Sera: "SÜPER-TİP GELİYOR! GÖZLERİNİ KAPAT!"
Kapının arkasından devasa, 4 metrelik bir silüet belirdi. Vücudu metal iskeletle desteklenmiş, yarı organik, çığlık atan bir yaratık.Üzerinde: ❌09 | D.S.-BETA yazılıydı.
Rick: "Zone 09'un oyuncaklarından biri daha…"Sera: "Kontrolden çıktı! Asla dışarı salınmamıştı!"Luke: (gözlerini açar, sesi kararlıdır) "Onu... durdurabilirim."
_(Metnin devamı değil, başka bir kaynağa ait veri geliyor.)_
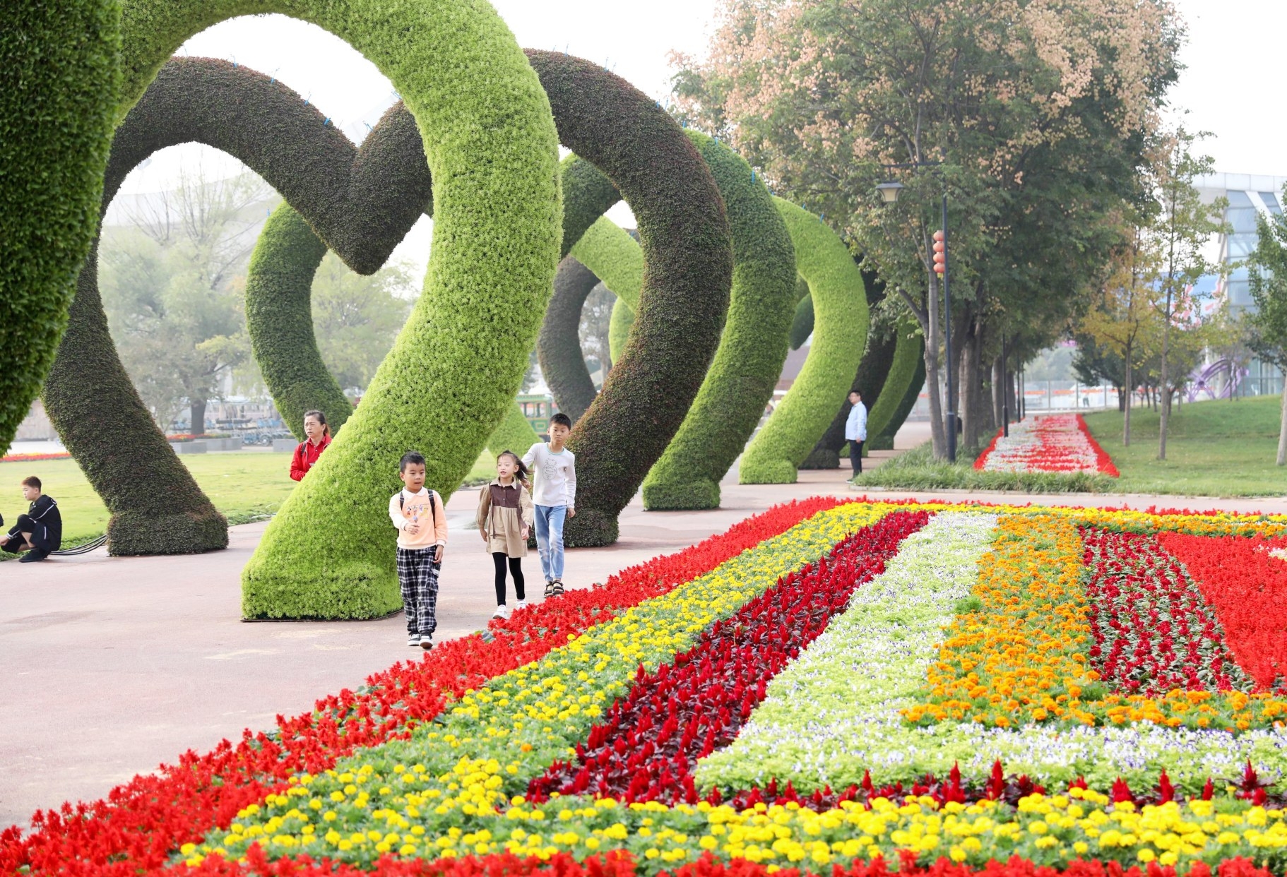 十月十日,孩子们在鄢陵中原花博园赏花游玩,感受秋季的绚丽多彩。 本报记者 乔利峰 摄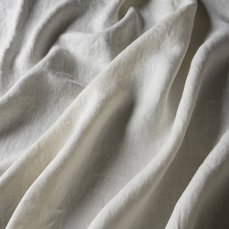 ブロークンツイル(ラチネ織り)ならではの細かな凹凸が、リネンの光沢と陰影を引き出し、立体感ある織りが、平織りでは味わえないしなやかさと自然な落ち感を生み出します。

Rick: "Hayır, Luke—dur! Bunu daha önce denemedik!"
Ama artık çok geçti.
Luke ellerini ileri uzattı.Göz bebekleri tamamen beyaza döndü.Havadaki elektrik değişti. Sanki gökyüzü nefes alıyor gibi.
BOOM!Bir enerji dalgası zombileri savurdu. Beta yaratık birkaç adım geriye çekildi. Sonra Luke dizlerinin üzerine çöktü, ellerini yere koydu. Toprak çatladı.
Rick ve Sera bir anlık sessizlikte, sadece Luke'un güçlerinin çevreyi etkilediğini hissettiler. Zombiler korkmuş gibi geri çekiliyordu.
Sera: (fısıltıyla) "O... onları kontrol ediyor…"Rick: "Hayır. Onları bastırıyor. Bu… kontrol değil. Bu... komuta."